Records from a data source
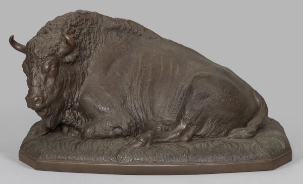 "Wisentkuh Sonja". Originaltitel Böttgersteinzeug. Auf gekantetem, naturalistisch reliefiertem Grassockel liegende Wisentkuh mit nach links gewandtem Kopf. Entw. Erich Oehme, 1937. Modell-Nr. 86147. Künstler-Bez. mit Dat. 1937. Schwertermarke. H. 21 cm. L. 40 cm.
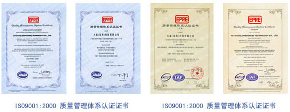 2005年10月27日,榮獲賽寶認證中心頒發的ISO9001:2000CNAB和ANAB的雙重證書
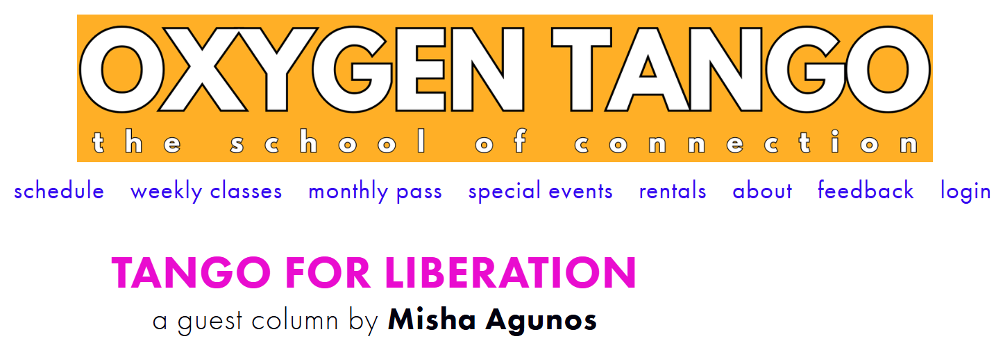 A multi-part limited guest column for Oxygen Tango studio in Los Angeles exploring the roles that embodiment and liberation play in tango spaces.
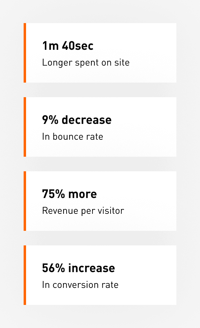 As a result of our efforts, the new Harley-Davidson site performed significantly better than the previous one. Gains in time spent on site, revenue per visitor, and conversion highlighted these improvements.
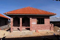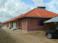 ส่วนการสร้างบ้านนั้น ได้มีหน่วยงานต่างๆ บริจาคช่วยเหลือ เช่น มูลนิธิโมเสสจากอิตาลี สนับสนุนจำนวน 12 หลังๆ ละ 210,000 บาท และโสสะมูลนิธิ สนับสนุน 38 หลังๆ ละ 210,000 บาท เป็นบ้านเดี่ยวชั้นเดียว ขนาด 7x11 ตารางเมตร ก่ออิฐบล็อคประสาน ไม่มีเสา ซึ่งชาวบ้านช่วยกันออกแบบ วางผัง คัดเลือกวัสดุ แบ่งกลุ่มกันรับผิดชอบงาน ซึ่งชาวบ้านใช้วิธีการจ้างแรงงานก่อสร้างภายในกลุ่ม เพื่อสนับสนุนให้สมาชิกมีงานทำระหว่างรอการก่อสร้างบ้าน
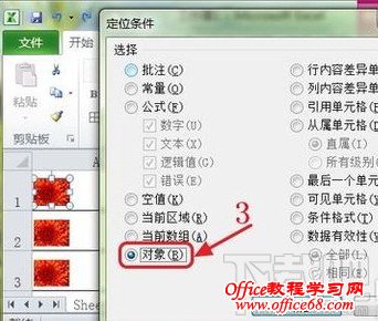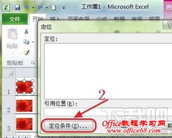 方法三:继续选择一个图片,然后再按下键盘上的“F5”键,在出现的界面上点击“定位条件(S)”按钮。数字“2”,那里。
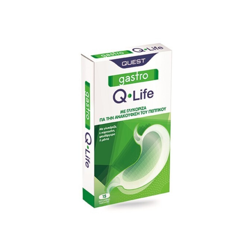 Quest Gastro Q-Life Συμπλήρωμα Διατροφής Για Την Ανακούφιση Του Πεπτικού Συστήματος 15 Μασώμενες Ταμπλέτες
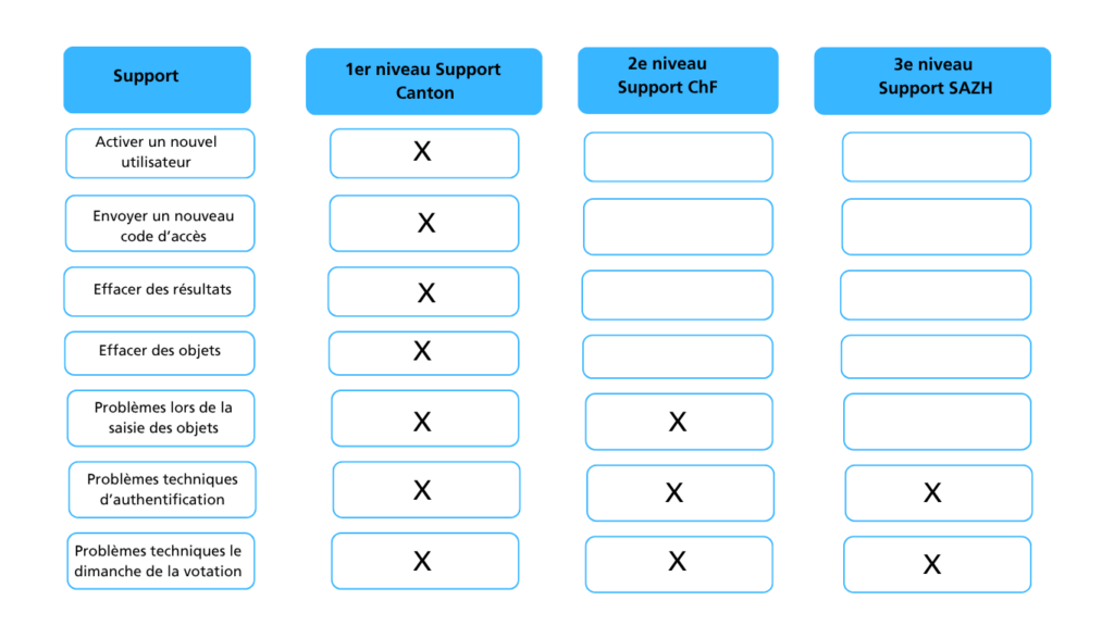La Chancellerie fédérale offre son assistance uniquement aux dates fixées. Tous les autres dimanches, les demandes seront traitées le lendemain, qu’il s’agisse d’une élection ou d’une votation. En participant à l’intégration, vous acceptez que l’assistance ne soit assurée que lors des quatre dates fixées.
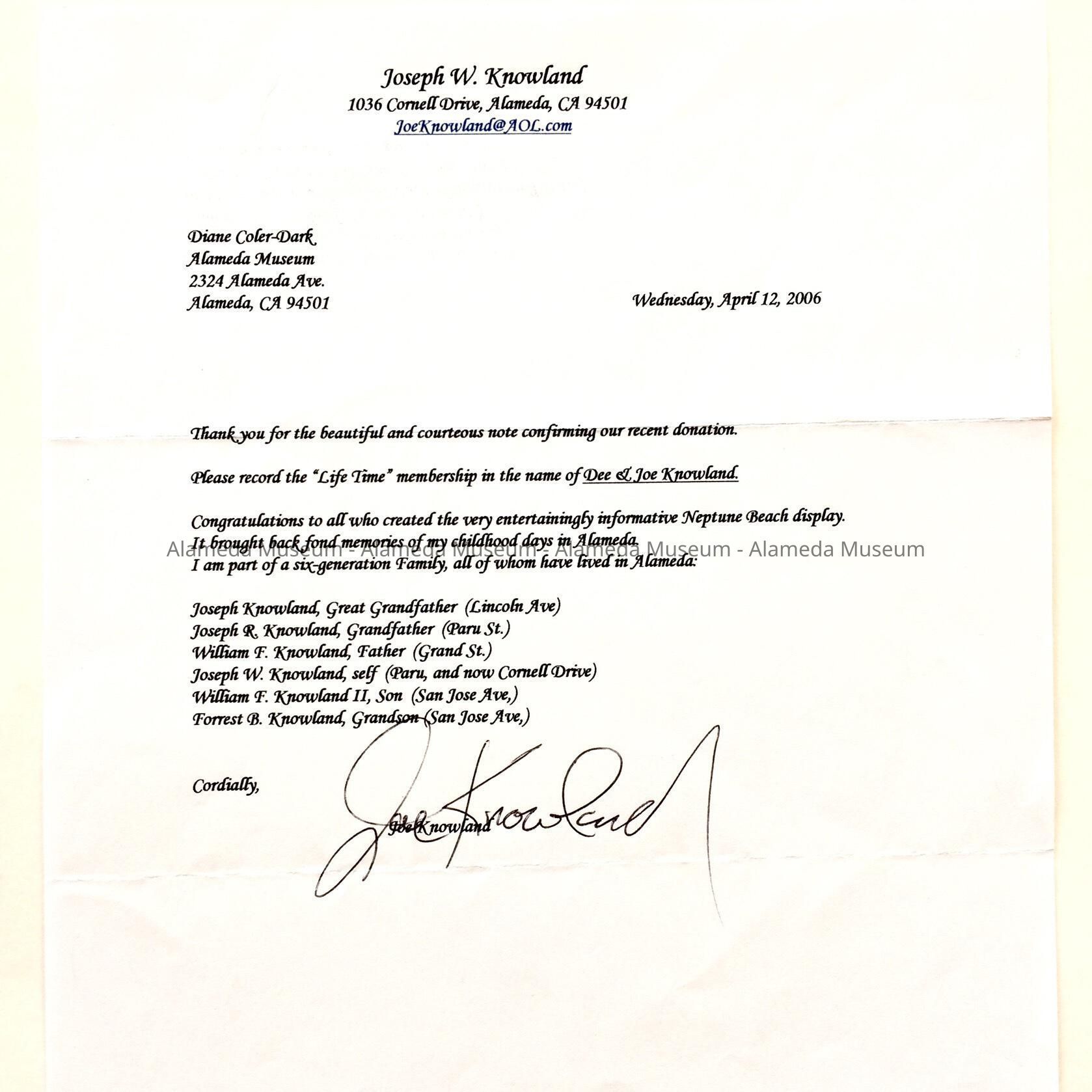 Listing of male descendants of Joseph W. Knowland, 2006Entry/Object ID
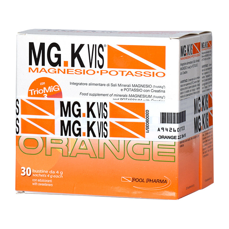 MG.K Vis Bustine è un integratore a base di 3 sali organici assimilabili di Magnesio (TrioMig: Sali di Magnesio dell’acido citrico, Magnesio gluconato, Magnesio lattato) e Potassio con Creatina.
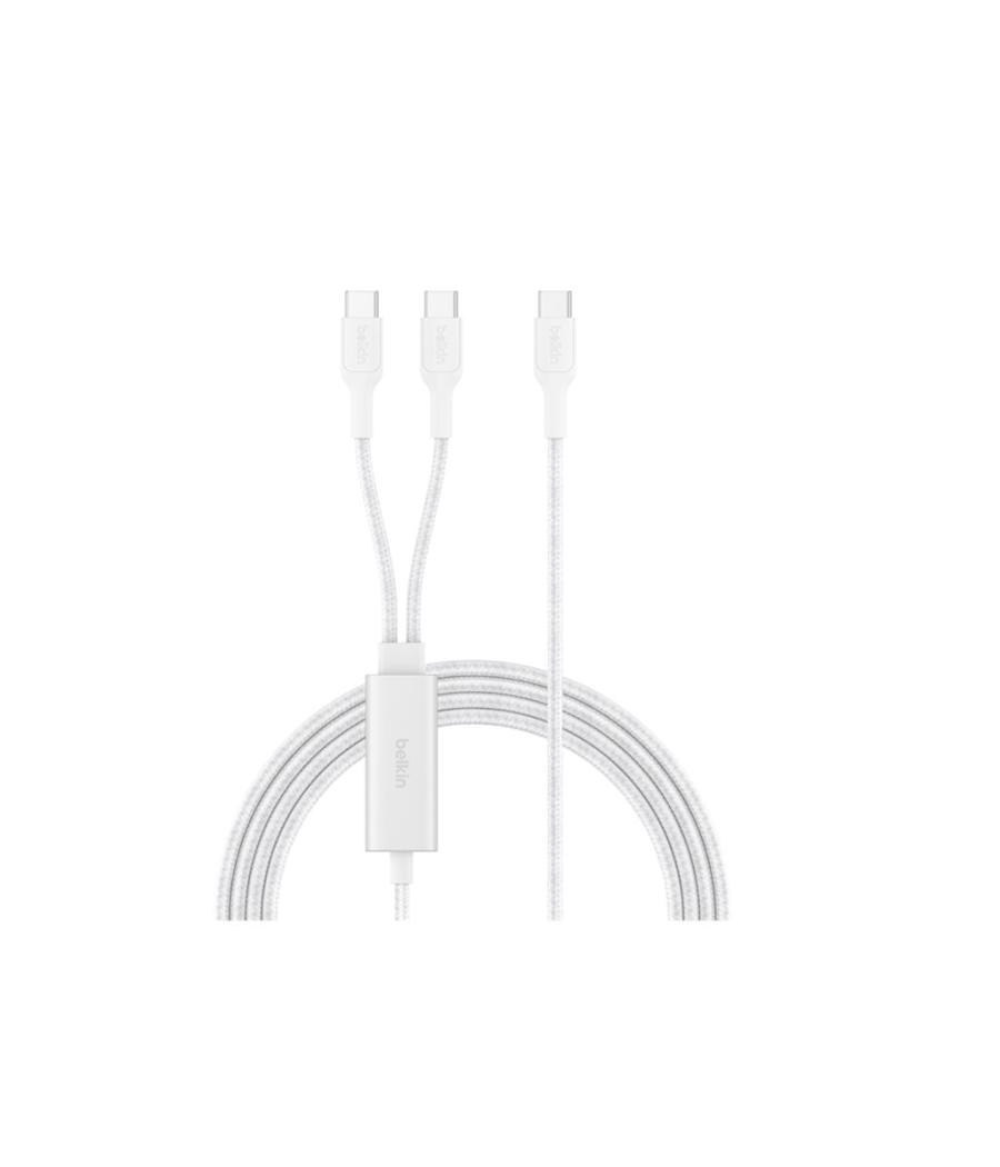 Belkin BOOST CHARGE - Câble USB - 24 pin USB-C (M) pour 24 pin USB-C (M) - USB 2.0 - 3 A - 2 m - USB Power Delivery (60W), câble tressé - blanc
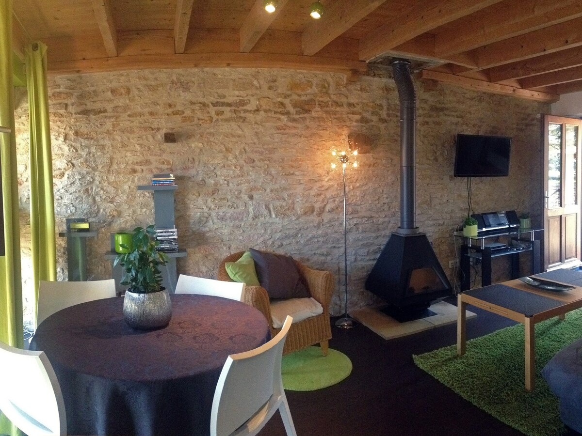 1 - ին հարկում գտնվող ընդարձակ ստուդիան ամբողջությամբ վերանորոգված է ։ Bresse sur Grosne - ը փոքրիկ գյուղ է, որը գտնվում է Չալոնից և Տուրնուսից 20 րոպե հեռավորության վրա, արագ և հեշտ մուտք դեպի Սեն Գենգոու լե Նալի միջնադարյան վայրը (4 կմ), Կորմատին ամրոցը (6 կմ, Տայզե (14 կմ), Կլունի ( 20 կմ) միջնադարյան վայրը: Բնակարանը ներառում է բոլոր հարմարությունները ՝ բաց խոհանոցով, 1 նստատեղով և 2 մահճակալով (140 և 90), լոգասենյակ ՝ ցնցուղով, ինչպես նաև կտուրով Ընդարձակ և հարմարավետ ստուդիա 3 հոգու համար վերևում (աստիճաններով)
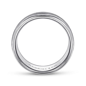 14K White Gold 7mm - Center Rope Channels and Polished Edge Men's Wedding Band in High Polished Finish

● What the task requires: Repeat, without pictures, exactly the lines of the data above from the one containing "2005年10月27日,榮獲" through the one containing "Quest Gastro Q-Life", including both and adding nothing.

● Written answer:
 2005年10月27日,榮獲賽寶認證中心頒發的ISO9001:2000CNAB和ANAB的雙重證書
 A multi-part limited guest column for Oxygen Tango studio in Los Angeles exploring the roles that embodiment and liberation play in tango spaces.
 As a result of our efforts, the new Harley-Davidson site performed significantly better than the previous one. Gains in time spent on site, revenue per visitor, and conversion highlighted these improvements.
 ส่วนการสร้างบ้านนั้น ได้มีหน่วยงานต่างๆ บริจาคช่วยเหลือ เช่น มูลนิธิโมเสสจากอิตาลี สนับสนุนจำนวน 12 หลังๆ ละ 210,000 บาท และโสสะมูลนิธิ สนับสนุน 38 หลังๆ ละ 210,000 บาท เป็นบ้านเดี่ยวชั้นเดียว ขนาด 7x11 ตารางเมตร ก่ออิฐบล็อคประสาน ไม่มีเสา ซึ่งชาวบ้านช่วยกันออกแบบ วางผัง คัดเลือกวัสดุ แบ่งกลุ่มกันรับผิดชอบงาน ซึ่งชาวบ้านใช้วิธีการจ้างแรงงานก่อสร้างภายในกลุ่ม เพื่อสนับสนุนให้สมาชิกมีงานทำระหว่างรอการก่อสร้างบ้าน
 方法三:继续选择一个图片,然后再按下键盘上的“F5”键,在出现的界面上点击“定位条件(S)”按钮。数字“2”,那里。
 Quest Gastro Q-Life Συμπλήρωμα Διατροφής Για Την Ανακούφιση Του Πεπτικού Συστήματος 15 Μασώμενες Ταμπλέτες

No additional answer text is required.